The specific properties of this implementation are:
intended to be used for intrinsic references
provides integrity enforcement
modelled partially after relational foreign keys
Motivation
When developing an application we often find the need to reference objects that are stored as application data. Examples of such objects include centrally managed ‘master data’.
The reference to those objects is typically intrinsic to the application we develop so they should behave like normal Python object references while being under the control of our application.
Within the world of Zope and ZODB there are different ways to achieve this. The various approaches have different semantics and side effects. Our goal is to unify the way of intrinsically referencing objects and to provide the ability to switch between different semantics as needed without rewriting application code and without the need to migrate persistent data structures (at least from the application’s point of view).
Model comparison
Our goal was to determine the advantages and disadvantages of the different existing approaches. We included three general approaches from the world of Python/Zope/ZODB as well as the standard relational approach to normalisation tables.

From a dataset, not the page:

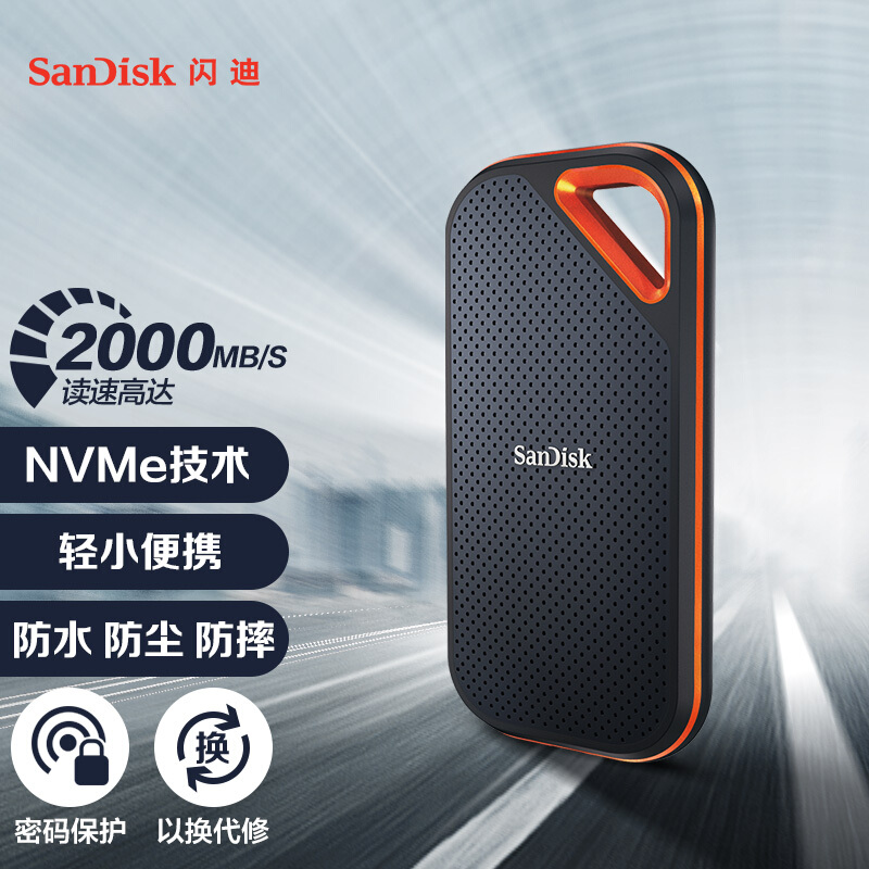 - 闪迪 2TB Nvme移动固态硬盘(PSSD)E81至尊超极速Pro升级版 高速传输2000MB/秒 IP55等级三防保护

We used four criteria to describe each solution:
- Reference data
What data is stored to describe the reference?
- Reference semantics
What meaning does the reference have? How can its meaning change?
- Integrity
What might happen to the application if data that is involved in the reference changes or is deleted?
- Set/Lookup
What does the application developer have to do to set a reference or look up a referenced object?
Property |
Python references |
Weak references |
Key reference |
Relational DBs |
---|---|---|---|---|
Reference data |
OID |
OID |
application-specific key |
application-specific (primary key + table name) |
Reference semantics |
Refers to a specific Python object |
Refers to a specific Python object |
Refers to an object which is associated with the saved key at the time of the lookup. |
Refers to an object (row) that is associated with the primary key at the time of the lookup. |
Integrity |
The reference stays valid, however, the target object might have lost its meaning for the application. |
The reference might have become stale and leave the referencing object in an invalid state. |
The reference might have become stale. |
Dependening on the use of foreign keys and the databases implementation of constraints. Can usually be forced to stay valid. |
Set/Lookup |
Normal Python attribute access. |
Use WeakRef wrapper to store and __call__ to lookup. Might use properties for convenience. |
Depends on the implementation. Might use properties for convenience. |
Explicitly store the primary key. Use JOIN to look up. |
Observations
Relational: every object (row) has a canonical place that defines a primary key.
The ZODB (like a filesystem) can have multiple hard links to an object. Objects are deleted when the last hard link to an object is removed. This makes it impossible to use hard links for referencing an object because object deletion will not be noticed and the objects will continue to live. The ZODB itself does not have a notion of a canonical place where an object is defined.
Relational: When referencing an object we can enforce integrity by declaring a foreign key. This is orthogonal to the data stored.
Relational: As an application-level key is used for identifying the target of a reference, the application can choose to delete a row and re-add a row with the same primary key later. If the integrity is enforced this requires support on the database level to temporarily ignore broken foreign keys.
Normal Python references embed themselves naturally in the application. Properties allow hiding the implementation of looking up and storing references.
Conclusions & Requirements for the reference implementation
Allow configuration of foreign key constraints (none, always, at the end of the transaction). This configuration must be changable at any time with an automatic migration path provided.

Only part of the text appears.